What is it about buying a ticket to a sporting event that fans think give them the right to say whatever they want?
It's a strange phenomenon. People would never walk up to a 6-foot-8, 255-pound behemoth on the street and tell him just exactly what they think of his mother, but at a basketball game it's second nature.
The verbal abuse is usually pretty unorganized, just a couple of non-descript yahoos hopped up on feelings of anonymity and superiority. You won't find a university that condones these activities, but you will find universities that don't do nearly enough to stop them.
As it stands, Notre Dame is one of those universities.

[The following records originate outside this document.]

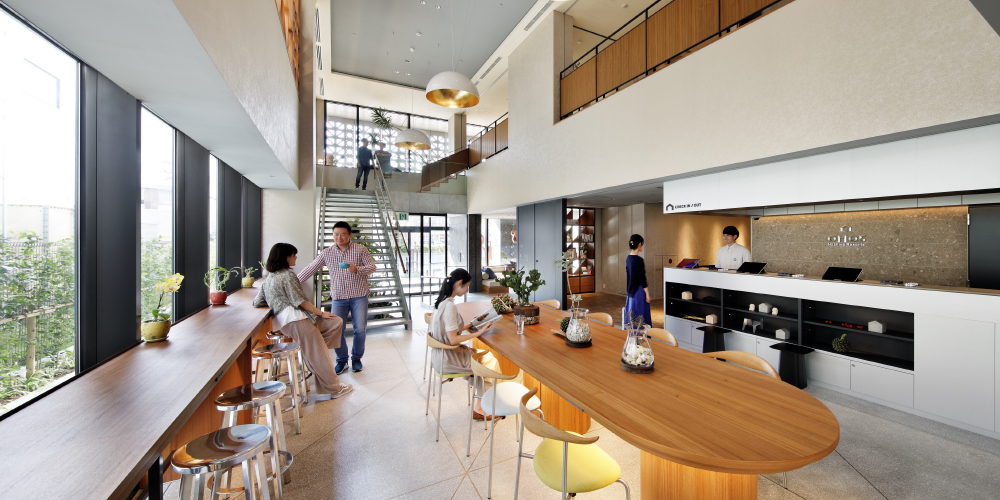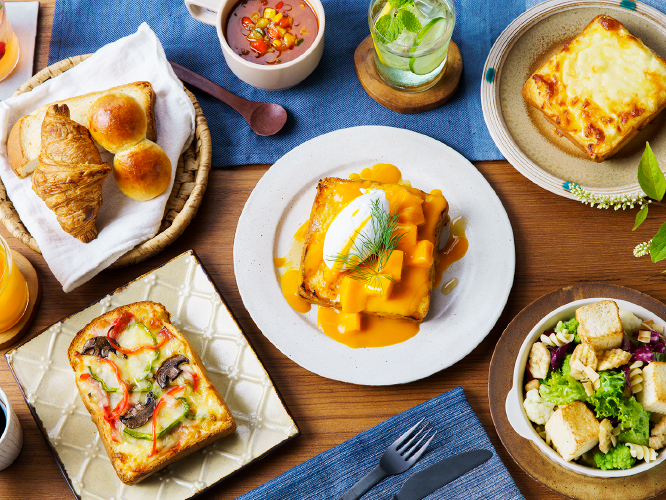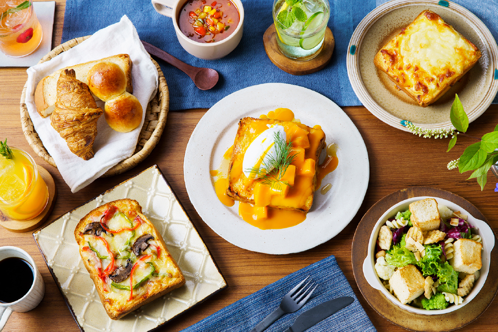 「OMO カフェ」では、朝食やスイーツ 、ドリンク を提供します。朝食は、クロックムッシュ、フレンチトースト、ピザトーストなど 5 種類から選べ、サラダ、スープ、ドリンク付き。明るい光が差し込む開放的な空間で、朝ごはんが味わえます。 宿泊者と宿泊者以外の方も利用できます。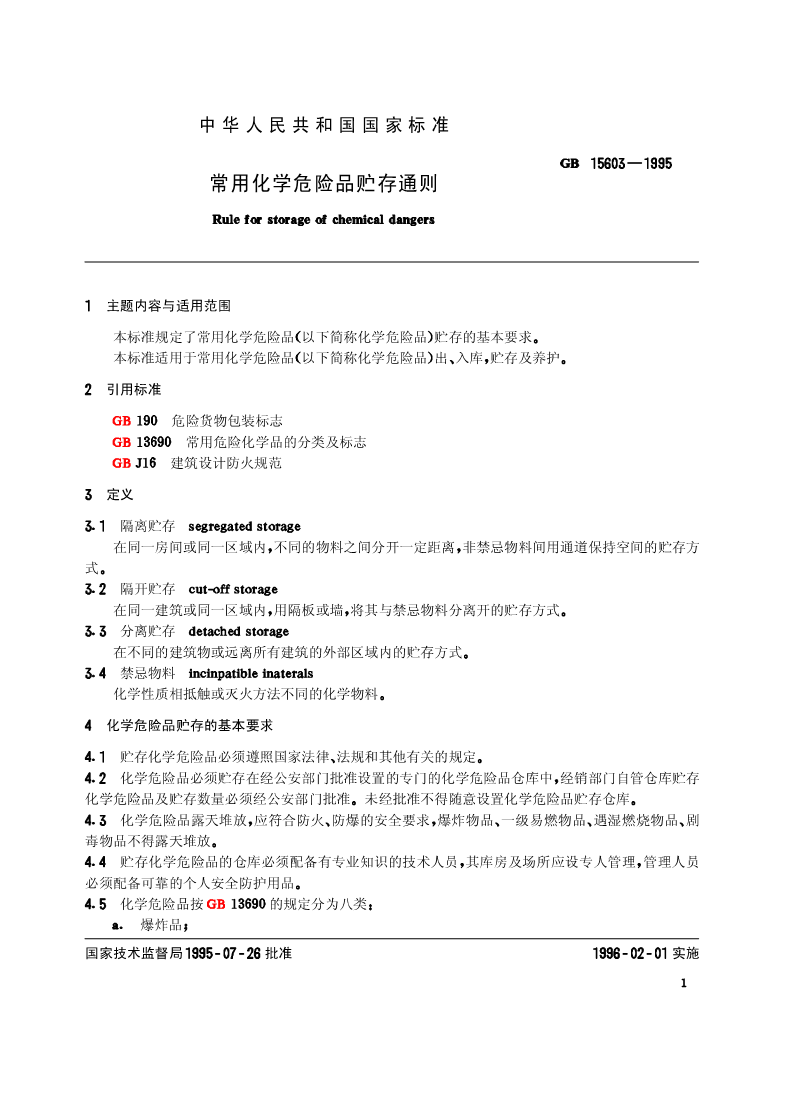 常用危险化学品贮存通则
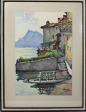 NICHOLAS MARKOVITCH. "Gandria; lake of Lugano", litografi, signerad Marc.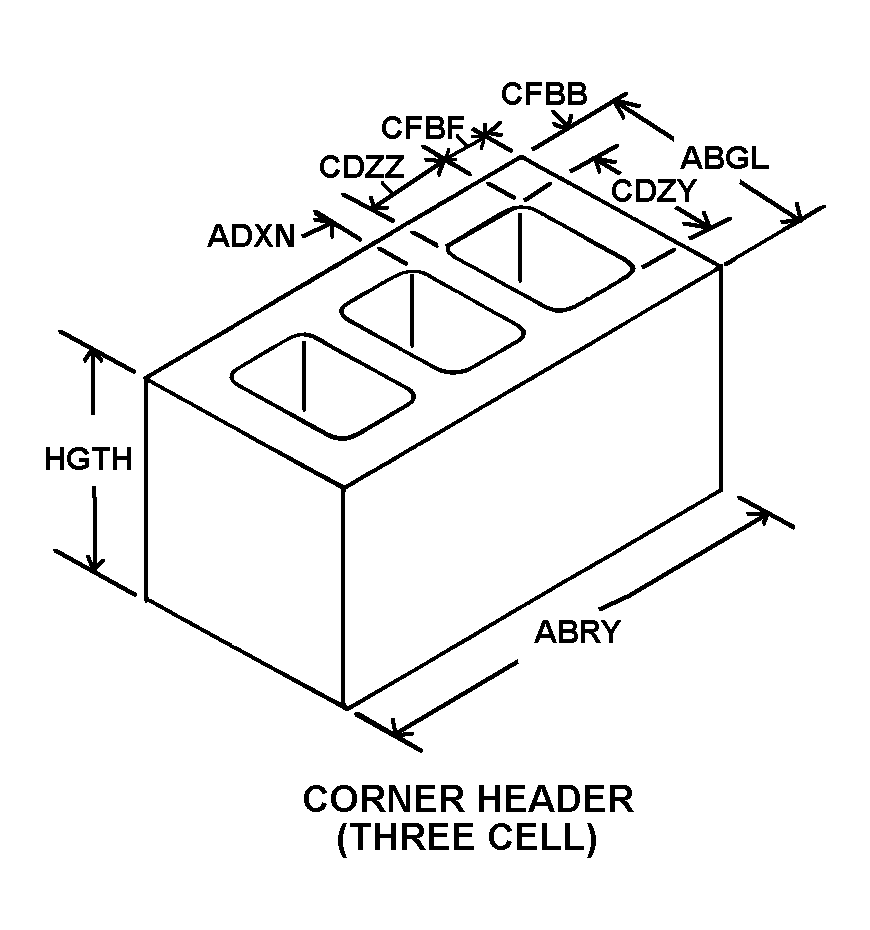 5620-00-297-5378 A precast concrete block, basically rectangular, with one or more cells extending vertically through the block. It is used in the construction of masonry walls.

Last week I was in South Bend to watch Marquette's men's basketball team beat the Fighting Irish 71-64. Afterwards, I grabbed an orange flyer that is distributed to Notre Dame's student section, the Leprechaun Legion. It was called a "jeer card," and the contents were nothing short of disgusting.
The card included racial epithets directed at guard David Cubillan (who is Venezuelan) and forward Joseph Fulce. It attacked family members of guards Dominic James and Wesley Matthews and forward Lazar Hayward.
I won't repeat the phrases used. In fact, I worry I've already lent the cowards who print this garbage too much credence. Just know the statements were completely inappropriate.
"Any reasonable person would say that," said Dan Gavitt, the associate commissioner of the Big East Conference.
Gavitt said the Big East doesn't set the line for its members — the responsibility falls on the individual institutions.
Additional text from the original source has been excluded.